On the other hand, antiretroviral therapies (ARTs) potentially add the risk of kidney impairment in patients with HIV infection. While ARTs have lowered the rate of kidney disease, 30% of HIV-positive patients still have renal problems. Two trials are testing various drug combinations in people who are HIV-positive and measuring the effects on renal function.

Digital pill to monitor adherence

Fenway Health recently announced its plans to conduct a clinical trial investigating medication adherence with a next-generation ingestible sensor. The nonrandomised and open-label trial (NCT05592613) will enrol 30 patients who are HIV-negative and take Gilead SciencesTruvada, a pre-exposure prophylaxis (PrEP), and people with HIV (PWH) on Gilead SciencesBiktarvy, an antiretroviral therapy (ART).

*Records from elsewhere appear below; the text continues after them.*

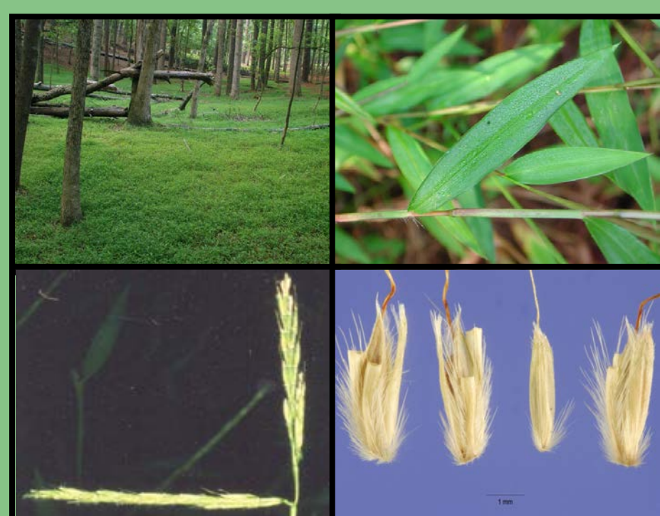
Japanese stilt grass ( Microstegium vimineum )
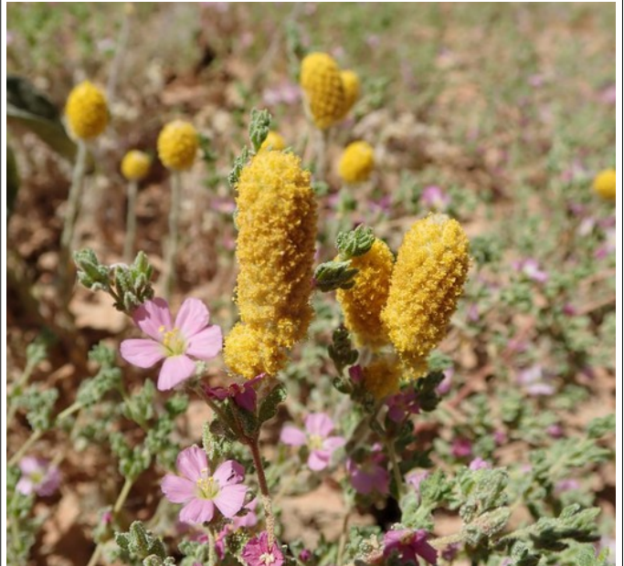
Pynosorus (yellow) and Frankenia (pink)
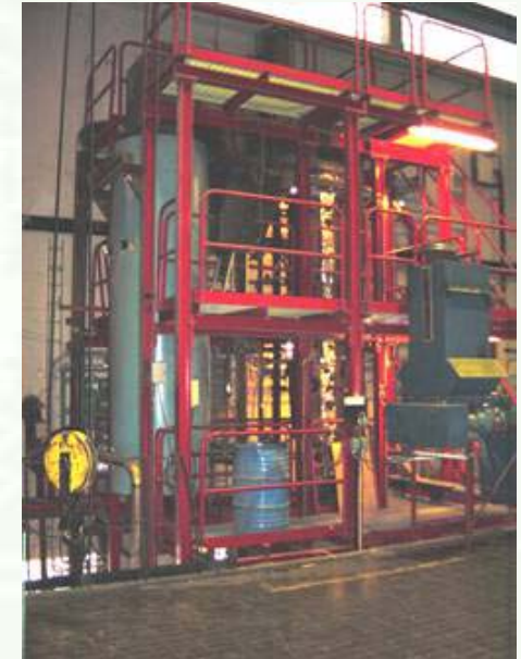
TPS - 750 kW
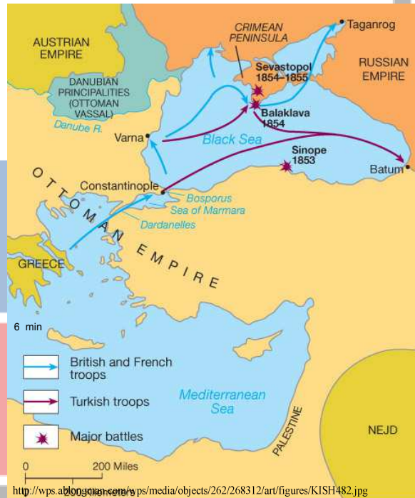
The Crimean War

Russia was defeated by combined forces of Turkey, Britain, France, Piedmont, Austria. It seriously weakened Russia and Austria and illustrated Russia's backwardness.
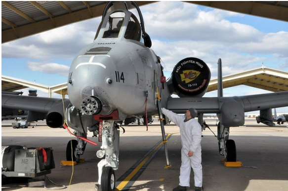
Fairchild A10 Intake Covers & Nose Gun Scoop Plug

The Engine Inlet Plugs are custom fit for your Fairchild A10 Thunderbolt intakes, made with heavy-duty vinyl material, and stuffed with a single block of sculpted urethane foam. Each plug has a zipper that allows the foam to be removed and dried if necessary. Engine plugs have 'remove before flight' streamers sewn onto the face of the plugs. Most plugs are imprinted with the aircraft registration number in black for an extra charge. Storage bag NOT included. Engine plugs may be inserted after flight when the engine is still warm. Engine Inlet Plugs are commonly referred to as Cowl Plugs, Intake Plugs, Cowl Blocks, Engine Blocks, and Engine Bungs.

The trial aims to investigate the use of the reader as a part of a digital pill system (DPS). The DPS comprises of an “ingestible radiofrequency emitter, integrated into a standard gelatine capsule, which then over-encapsulates the study medication (PrEP or ART)”, states the listing. Once ingested, the chloride ions in the stomach activate the radiofrequency emitter and project a signal which is acquired by a wearable device, a wrist-borne reader, then stores and forwards data to a smartphone. This enables on-demand access to adherence data.

Digital pills help to monitor and potentially improve medication adherence, which is critical in patients with HIV in order to get the viral load to undetectable levels and avoid developing AIDS.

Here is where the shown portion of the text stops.